Hijo del conocidísimo Carlos “Bananita” González generaba que sus noches veraniegas estaban destinadas exclusivamente al carnaval. Acompañando o como simple espectador. Siendo mascota de su padre, recuerda cuando se quedó firmando autógrafos para sus amigas en el tablado del club mientras que el viejo corría de un lado a otro para cumplir con el siempre riguroso escenario de La Mutual. Tras terminar la actuación con un mensaje de amor y unión, debido a que de a poco aparecía la tecnología e iba en vías de desaparición la comunicación personal, se fue corriendo al ómnibus y faltaba el pequeño Gastón. En la desesperación lo vio muy tranquilo y enseguida se bajó a buscarlo. De ahí en más, una cantidad de disparates delante del público, “se fue al carajo todo el mensaje tierno que había dado minutos antes”.

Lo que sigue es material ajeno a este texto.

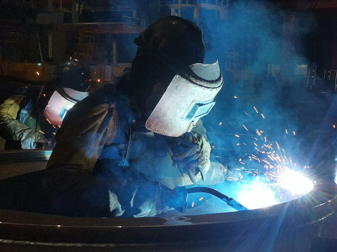 冒着散发的焊烟,迎着飞溅的火花,拿着焊枪,走进平台,迎着灼热就是焊,这是山河智能基础装备事业部制造公司陈新元十几年如一日的工作写照。

Este año dejó su zona de confort en materia artística y pasó a la categoría de murgas en donde estará junto a La Gran Muñeca en su aniversario número 100. Sabe que está ante un reto muy lindo y lidiará con las etiquetas a las cuales él odia: “cuando te dejás etiquetar, te empezás a atrapar”. Volverá al escenario de su barrio y cantará ante su gente. Mirará para el rincón donde siempre estuvo Popi, aquel tío que lo acompañó, lo hizo hincha playero y que lo vio debutar en las tablas. Abajo la barriada y al costado su club, esa institución que lo agasajó, atrapó y lo apadrinó. Ya no merodea la zona como antes, pero jamás pensó en la despedida. La bajada sigue resonando en los rincones del tablado y en cada saludo anhela volver a Malvín, su primer amor.